I'll also state that I've not done a performance comparision with any of the code offered, so far. I can only state that I've done previous comparisons and I've found one bit of code that, at the time, blew away the competition. That code comes from Itzik Ben-Gan and may be found at the following URL. Like SSC, it requires simple spam-free membership but it's absolute worth the time to sign up.

Here's the URL for "Packing Date Intervals" such as what is being done on this thread.
http://www.solidq.com/sqj/Pages/2011-March-Issue/Packing-Intervals.aspx


I was able to adapt Mr.

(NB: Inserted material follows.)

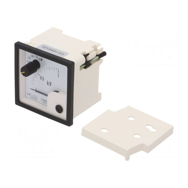 Woltomierz analogowy przeznaczony do montażu panelowego umożliwia pomiar napięcia w sieciach 3-fazowych 3- oraz 4-przewodowych. Urządzenie zapewnia pomiar rzeczywistej wartości skutecznej True RMS w zakresie od 0 do 1kV. Konstrukcja przyrządu pozwala na współpracę z przekładnikiem napięciowym 100V oraz posiada wbudowany przełącznik wyboru fazy.
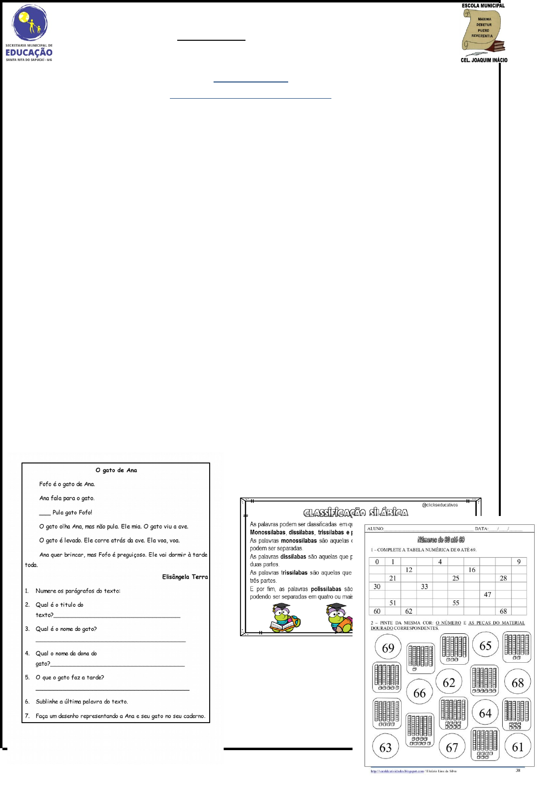 E.M. Cel. Joaquim Inácio - 3º ano/2023 Professora: Keyla Ramos Lopes Plano de aula Segunda-feira: 27/02/2023 1. Atividades de rotina: · Oração, calendário, chamada; · Leitura de livros da caixa (no início/final da aula – 10min). · Alunos faltosos: _________________________________________________ ________________________________________________________________ 2. Disciplina: Português · Conteúdo: Família silábica da letra G/Classificação de sílabas · Eixo: Análise linguística e semiótica · Habilidades: · AC -(EF03LP02) Ler e escrever corretamente palavras com sílabas CV, V, CVC, CCV, VC, VV, CVV, identificando que existem vogais em todas as sílabas. · EF - (EF03LP05) Identificar o número de sílabas de palavras, classificando-a sem monossílabas, dissílabas, trissílabas e polissílabas. · Desenvolvimento: a) Pedir que façam uma leitura silenciosa. (3 vezes). b) Leitura feita pelo professor e depois pelo aluno. c) Pintar as sílabas ga, go, gu, gão das palavras do texto. d) Fazer a interpretação oral e escrita do texto. e) Apresentar aos alunos a classificação silábica. · Atividades: 3. Disciplina: Matemática · Conteúdo: Números de 0 a 60 · Eixo: Números e álgebras · Habilidades: · (EF03MA01) Ler, escrever e comparar números naturais de até a ordem de até unidade de milhar, estabelecendo relações entre os registros numéricos e em língua materna. · (EF03MA02) Identificar características do sistema de numeração decimal, utilizando a composição e a decomposição de número natural de até quatro ordens. · Desenvolvimento: 1. Explicar conteúdo em estudo. 1. Entregar folha impressa. 1. Fazer a correção coletiva no quadro. 4. Disciplina: Tarefa de Matemática Plano de aula Terça-feira: 28/02/2023 1. Atividades de rotina: · Oração, calendário, chamada; · Passar folhinha do dia no quadro; · Leitura de livros da caixa (no início/final da aula – 10min). · Alunos faltosos: _________________________________________________ ________________________________________________________________ 2. Disciplina: Português · Conteúdo: Cruzadinha - letra G · Eixo: Análise linguística e semiótica · Habilidades: · AC -(EF03LP02) Ler e escrever corretamente palavras com sílabas CV, V, CVC, CCV, VC, VV, CVV, identificando que existem vogais em todas as sílabas. · Desenvolvimento: Aplicar atividade proposta anexa ao plano. · Atividades: 3. Disciplina: Ciências · Conteúdos: O sol · Habilidades: · EF03CI07AX) Identificar características da Terra (como seu formato esférico, a presença de água, solo etc.), com base na observação, manipulação e comparação de diferentes formas de representação do planeta (mapas, globos, fotografias etc.). · Desenvolvimento: · Passar o vídeo sobre o tema. · Explicar e aplicar atividade proposta anexa ao plano. 4. Disciplina: Matemática · Conteúdo: Probleminhas/Sistema de Numeração decimal · Eixo: Números e álgebras · Habilidades: · (EF03MA06): Resolver e elaborar problemas de adição e subtração com os significados de juntar, acrescentar, separar, retirar, comparar (quanto amais, quanto a menos, qual a diferença) e completar quantidades (quanto falta para), utilizando diferentes estratégias de cálculo exato ou aproximado, incluindo cálculo mental, como suporte de imagens, material manipulável e/ou digital. · Desenvolvimento: Explicar conteúdo em estudo. 1. Entregar folha impressa. 1. Fazer a correção coletiva no quadro. 5. Disciplina: Tarefa Plano de aula Quarta-feira: 01/03/2023 0. Atividades de rotina: · Oração, chamada; calendário; · Passar folhinha do dia no quadro; · Leitura de livros da caixa (no início/final da aula – 10min). · Alunos faltosos: _________________________________________________ ________________________________________________________________ 0. Disciplina: Português · Conteúdo: Família silábica da letra L · Eixo: Análise linguística e semiótica · Habilidades: · AC -(EF03LP02) Ler e escrever corretamente palavras com sílabas CV, V, CVC, CCV, VC, VV, CVV, identificando que existem vogais em todas as sílabas. · Desenvolvimento: a) Pedir que façam uma leitura silenciosa. (3 vezes). b) Leitura feita pelo professor e depois pelo aluno. c) Pintar as sílabas la, le, li, lo, lu nas palavras da ficha e do texto. d) Fazer a interpretação oral do texto. · Atividades: 0. Disciplina: Matemática · Conteúdo: Ordem crescente e decrescente · Eixo: Números e Álgebras · Habilidades: · HF (EF03MA02) Identificar características do sistema de numeração decimal, utilizando a composição e a decomposição de número natural de até quatro ordens. · Desenvolvimento: a) Entregar folha xerocada aos alunos. b) Explicar como fazer a atividade proposta. c) Uso de materiais concretos. 0. Disciplina: Geografia · Conteúdos: Noções topológicas: O corpo como ponto de referência e pontos cardeais · Eixo: O sujeito e seu lugar no mundo · Habilidades: · (EF03GE01) Identificar e comparar aspectos culturais os grupos sociais de seus lugares de vivência, seja na cidade, seja no mundo. · Desenvolvimento: Fazer a leitura com a turma e explicar atividade proposta anexa ao plano. 0. Disciplina: Tarefa de Português · Recortar 5 palavras com ga, go, gu; 5 palavras com la, le, li, lo, lu; colar no caderno e copiar as palavras com letra cursiva. Plano de aula Quinta-feira: 02/03/2023 1. Atividades de rotina: · Oração, chamada, calendário; · Passar folhinha do dia no quadro; · Leitura de livros da caixa (no início/final da aula – 10min). · Alunos faltosos: _________________________________________________ ________________________________________________________________ 2. Disciplina: Português · Conteúdo: Sinais de Pontuação · Eixo: Leitura/Escuta/(Compartilhada e autônoma) · Habilidades: · (EF15LP01) Identificar a função social de textos que circulam em campo da vida social dos quais participa cotidianamente (a

Ben-Gan's approach to this problem:

-- Method by Itzik Ben-Gan
-- http://www.solidq.com/sqj/Pages/2011-March-Issue/Packing-Intervals.aspx
;WITH C1 AS (
SELECT HotelID, RoomTypeID, ts=StartDate, Type=1, e=NULL
,s=ROW_NUMBER() OVER (PARTITION BY HotelID, RoomTypeID ORDER BY StartDate)
FROM #RoomDates
UNION ALL
SELECT HotelID, RoomTypeID, ts=EndDate, Type=-1
,e=ROW_NUMBER() OVER (PARTITION BY HotelID, RoomTypeID ORDER BY EndDate)
,s=NULL
FROM #RoomDates),
C2 AS (
SELECT C1.*
,se=ROW_NUMBER() OVER (PARTITION BY HotelID, RoomTypeID ORDER BY ts, Type DESC)
FROM C1),
C3 AS (
SELECT HotelID, RoomTypeID, ts
,grpnm=FLOOR((ROW_NUMBER() OVER (PARTITION BY HotelID, RoomTypeID ORDER BY ts)-1) / 2 + 1)
FROM C2
WHERE COALESCE(s-(se-s)-1, (se-e)-e) = 0)
SELECT HotelID, RoomTypeID, StartDate=MIN(ts), EndDate=MAX(ts)
FROM C3
GROUP BY HotelID, RoomTypeID, grpnm


It is very clever for sure.

Testing of the proposed solutions using this test harness:

-- Create a tally table
if object_id('tempdb.dbo.#Nums', 'U') is null
BEGIN
SELECT TOP(1000000) n = ROW_NUMBER() OVER(ORDER BY (SELECT NULL))-1
INTO #Nums
FROM sys.columns a, sys.columns b, sys.columns c
CREATE UNIQUE CLUSTERED INDEX UCX_n ON #Nums (n)
END

if object_id('tempdb.dbo.#RoomDates', 'U') is not null
drop table #RoomDates

create table #RoomDates (
HotelId int not null
,RoomTypeId int not null
,StartDate date not null
,EndDate date not null
,constraint [PK_RD1] primary key clustered (
HotelId
,RoomTypeId
,StartDate
) with (
pad_index = off
,statistics_norecompute = off
,ignore_dup_key = off
,allow_row_locks = on
,allow_page_locks = on
) on [PRIMARY]
) on [PRIMARY]


insert #RoomDates ( HotelId
,RoomTypeId
,StartDate
,EndDate)
values (1,1,'2012-01-01', '2012-02-01'), (1,1,'2012-01-10', '2012-02-05'), (1,1,'2012-02-4', '2012-03-01'),
(2,1,'2012-01-01', '2012-02-01'), (2,1,'2012-01-10', '2012-01-20'),
(3,1,'2012-01-01', '2012-02-01'), (3,1,'2012-03-10', '2012-03-20')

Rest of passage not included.